***** Data

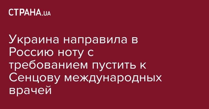 Украина направила ноту в МИД РФ по вопросу украинского режиссера и политзаключенного Олега Сенцова, который прекратил голодовку в связи с тем, что к нему должны были применить принудительное питание. Об этом написала в Twitter пресс-секретарь МИД Марьяна Беца.
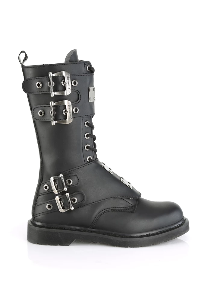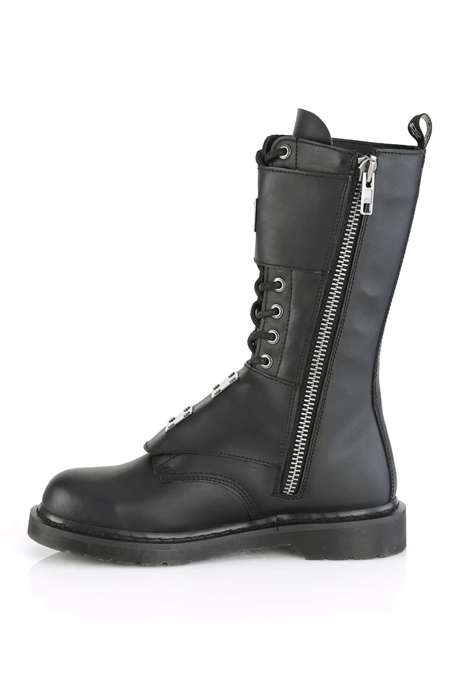 1 1/4″ (32mm) Heel 14 Eyelet Unisex Mid-Calf Combat Boot Featuring Buckled Panels w/ Metal Plate Center, Inside Zip Closure
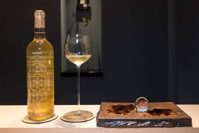 いよいよ変わりダネ同士のペアリング。和歌山県の郷土料理「目張寿司」に合わせるのはスペイン・カタルーニャ地方の「コネクシオ・コスミカ」。ブドウ品種はカタルーニャで広く栽培されるチャレロで、オレンジの皮や種を8日ほど漬け込んだ個性派です。柑橘の爽やかな酸味や苦味が感じられるオレンジワインは印象的な一杯。「目張寿司」と「車海老」の握りに合わせました。

**********

Exercise details:
Word for word, repeat the material above and drop the pictures.

Solved problem:
 Украина направила ноту в МИД РФ по вопросу украинского режиссера и политзаключенного Олега Сенцова, который прекратил голодовку в связи с тем, что к нему должны были применить принудительное питание. Об этом написала в Twitter пресс-секретарь МИД Марьяна Беца.
 1 1/4″ (32mm) Heel 14 Eyelet Unisex Mid-Calf Combat Boot Featuring Buckled Panels w/ Metal Plate Center, Inside Zip Closure
 いよいよ変わりダネ同士のペアリング。和歌山県の郷土料理「目張寿司」に合わせるのはスペイン・カタルーニャ地方の「コネクシオ・コスミカ」。ブドウ品種はカタルーニャで広く栽培されるチャレロで、オレンジの皮や種を8日ほど漬け込んだ個性派です。柑橘の爽やかな酸味や苦味が感じられるオレンジワインは印象的な一杯。「目張寿司」と「車海老」の握りに合わせました。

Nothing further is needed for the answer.